At 1.75%, the refinancing rate is now at its highest since 2009.
The nine members of the bank’s Monetary Policy Council voted 8-1 for the measure, a surprising show of unity given that some members had indicated ahead of time that they favored a smaller 25 basis point step due to increasingly clear signs that the U.K. economy is heading into recession.
The bank reaffirmed that it expects the economy to start contracting later this year, but was forced to take aggressive action by a new forecast that sees inflation rising to over 13% by the fourth quarter, due largely to another big increase in regulated household energy prices that is scheduled to take effect in October. In its previous quarterly report on monetary policy in May, it had forecast a peak in CPI inflation of only 9.4%.
“The labour market remains tight, and domestic cost and price pressures are elevated,” the Bank said. “There is a risk that a longer period of externally generated price inflation will lead to more enduring domestic price and wage pressures.”
It noted that it expected inflation to remain “at very elevated levels” for most of next year before starting to decline to its 2% target.
The new forecasts drove sterling over half a percent against the dollar. The FTSE 100 trimmed its gains for the day, while the yield on the U.K.’s benchmark 10-Year bond fell by 4 basis points to 1.87% by 07:15 AM ET (1115 GMT).
Separately, the Bank also indicated that it will reverse the ‘quantitative easing’ of the last couple of years twice as fast as it previously estimated. The MPC is now targeting a reduction of 80 billion pounds of U.K. government bonds, known as Gilts, over the next year, half of which will come from letting maturing bonds ‘roll off’. Sales are due to start shortly after the MPC’s September meeting, subject to market conditions.

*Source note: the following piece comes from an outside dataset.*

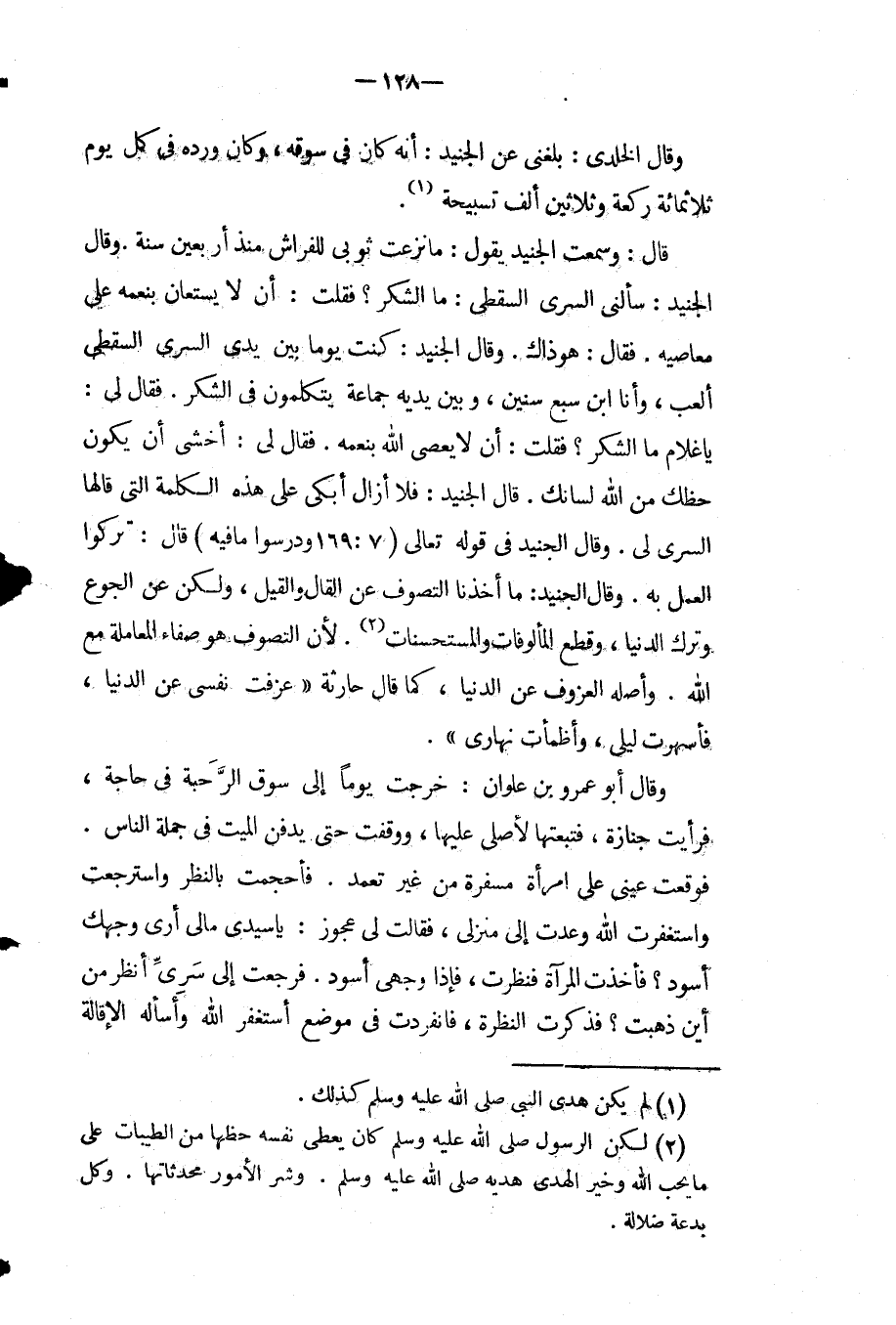 قَالَ وسمعت الجنيد يقول ما نزعت ثوبي للفراش منذ أربعين سنة وقال الجنيد سألني السري السقطي ما الشكر فقلت: أن لا يستعان بنعمه عَلَى معاصيه فقال: هو ذاك وقال الجنيد كنت يوما بين يدي السري السقطي ألعب وأنا ابن سبع سنين وبين يديه جماعة يتكلمون فِي الشكر فقال: لي يا غلام ما الشكر فقلت: أن لا يعصى اللَّه بنعمه فقال: لي أخشى أن يكون حظك من اللَّه لسانك قَالَ: الجنيد فلا أزال أبكي عَلَى هذه الكلمة التي قالها السري لي وقال الجنيد فِي قوله تعالى " وَدَرَسُوا ما فيه " قَالَ: تركوا العمل به وقال الجنيد ما أخذنا التصوف عَنِ القال والقيل ولكن عَنِ الجوع وترك الدنيا وقطع المألوفات والمستحسنات لأن التصوف هو صفاء المعاملة مع اللَّه وأصله العزوف عَنِ الدنيا كما قَالَ: حارثة عزفت نفسي عَنِ الدنيا فأسهرت ليلي وأظمأت نهاري.
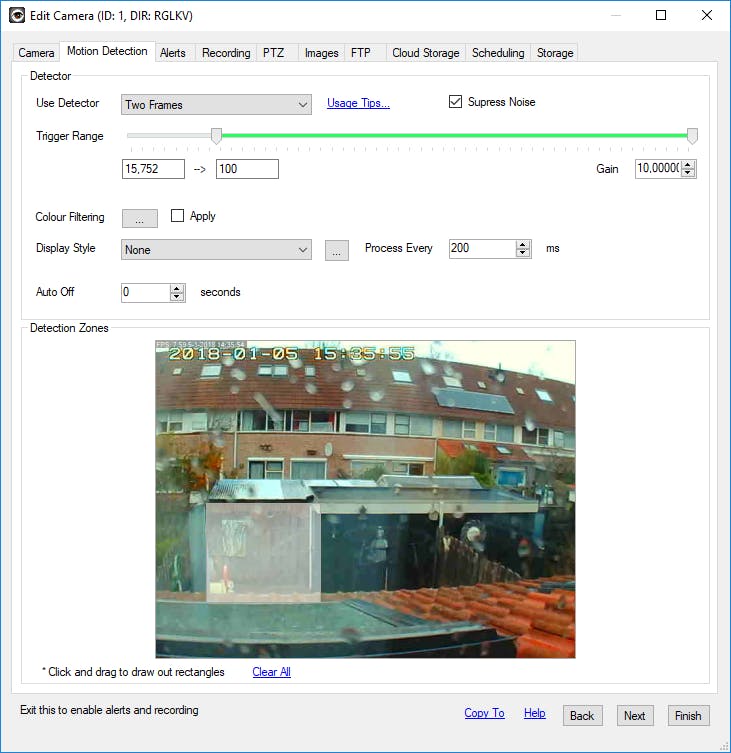 Je komt nu op het tabblad om bewegingsdetectie te configureren. Deze functie is standaard al actief. Zodra iSpy namelijk beweging constateert, kleurt de rand van het videokader rood en is er rechtsboven een opname-pictogram te zien. Je stelt naar eigen wens nog wat zaken in. De freeware ondersteunt verschillende detectieopties. Laat je deze instelling op Two Frames staan, dan vergelijkt iSpy continu de laatste twee frames met elkaar. Zodra het programma afwijkingen constateert, start de opname direct. Deze detectieoptie werkt prima, dus je hoeft hier niets te wijzigen. Via de schuifregelaar onder Trigger Range stel je de gevoeligheid van de bewegingsdetectie in. Begint de opname al wanneer er een blaadje uit een boom valt? Het is in dat geval beter om het linkerschuifje iets naar rechts te bewegen. Bij het onderdeel Detection Zones bekijk je een voorbeeldweergave van de camera. Eventueel laat je iSpy alleen op een specifiek deel van het videobeeld naar beweging speuren. Trek met de muis een rechthoek over het gedeelte dat je wilt controleren. Klik op Next.

The plans make for a difficult environment for Gilts over the coming months, Panmure Gordon chief economist Simon French said via Twitter.
There’s a “big question mark whether (the) private sector will absorb these Gilts at current yields given where U.K. inflation is heading,” French said.
(CORRECTION: An earlier version of this story incorrectly stated that the vote for 50 basis points had been unanimous.)